(Records supplied Opens)

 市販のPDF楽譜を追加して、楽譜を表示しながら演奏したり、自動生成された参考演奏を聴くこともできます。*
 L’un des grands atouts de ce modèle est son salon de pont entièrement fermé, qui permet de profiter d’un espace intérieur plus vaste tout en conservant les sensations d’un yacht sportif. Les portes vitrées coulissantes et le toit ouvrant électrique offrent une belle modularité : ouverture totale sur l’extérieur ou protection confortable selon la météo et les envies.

(Records supplied Closes)
(Records supplied Opens)

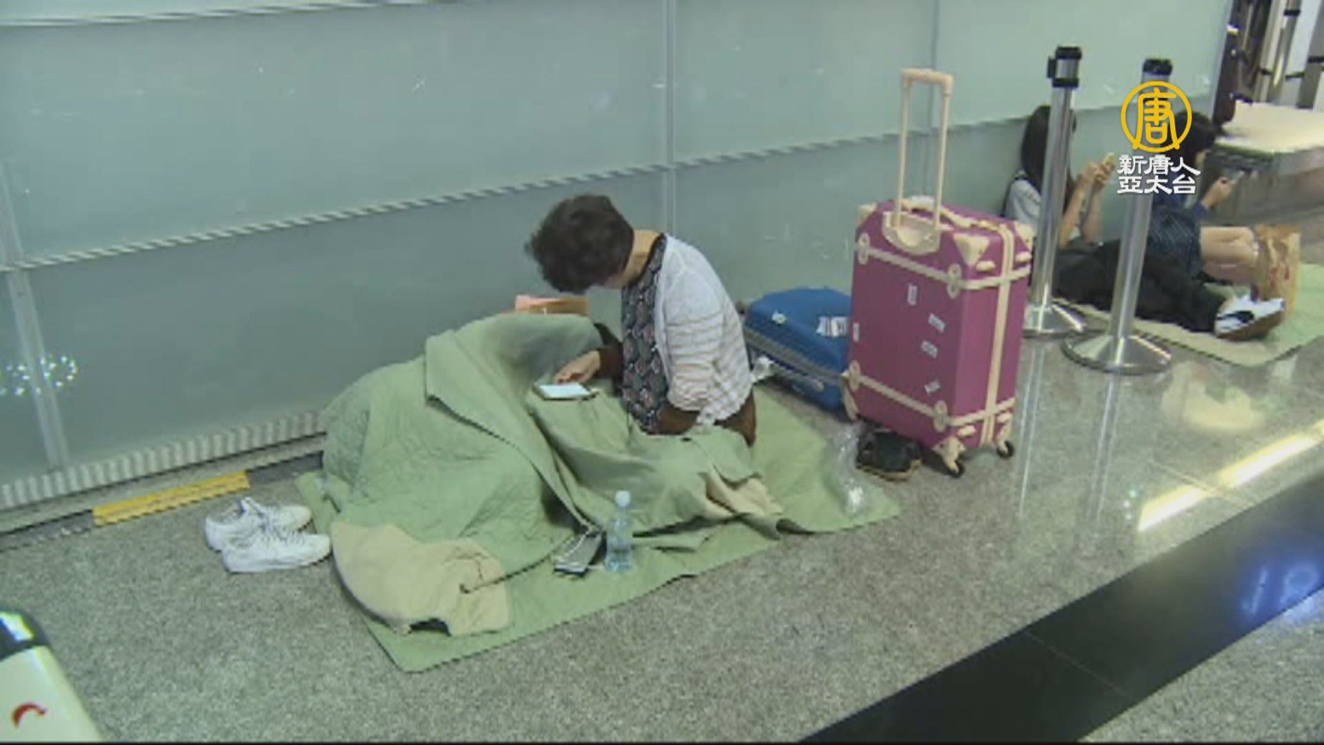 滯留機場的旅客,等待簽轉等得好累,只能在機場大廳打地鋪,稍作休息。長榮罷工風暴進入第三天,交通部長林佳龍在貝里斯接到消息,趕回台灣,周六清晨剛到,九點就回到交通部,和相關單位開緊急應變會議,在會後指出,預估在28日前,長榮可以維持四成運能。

(Records supplied Closes)

What the exercise asks:
Restate word for word the lines of the data above, starting at the line containing "市販のPDF楽譜を追加して、" and ending at the line containing "L’un des grands", both included, and nothing more.

Problem solution:
 市販のPDF楽譜を追加して、楽譜を表示しながら演奏したり、自動生成された参考演奏を聴くこともできます。*
 L’un des grands atouts de ce modèle est son salon de pont entièrement fermé, qui permet de profiter d’un espace intérieur plus vaste tout en conservant les sensations d’un yacht sportif. Les portes vitrées coulissantes et le toit ouvrant électrique offrent une belle modularité : ouverture totale sur l’extérieur ou protection confortable selon la météo et les envies.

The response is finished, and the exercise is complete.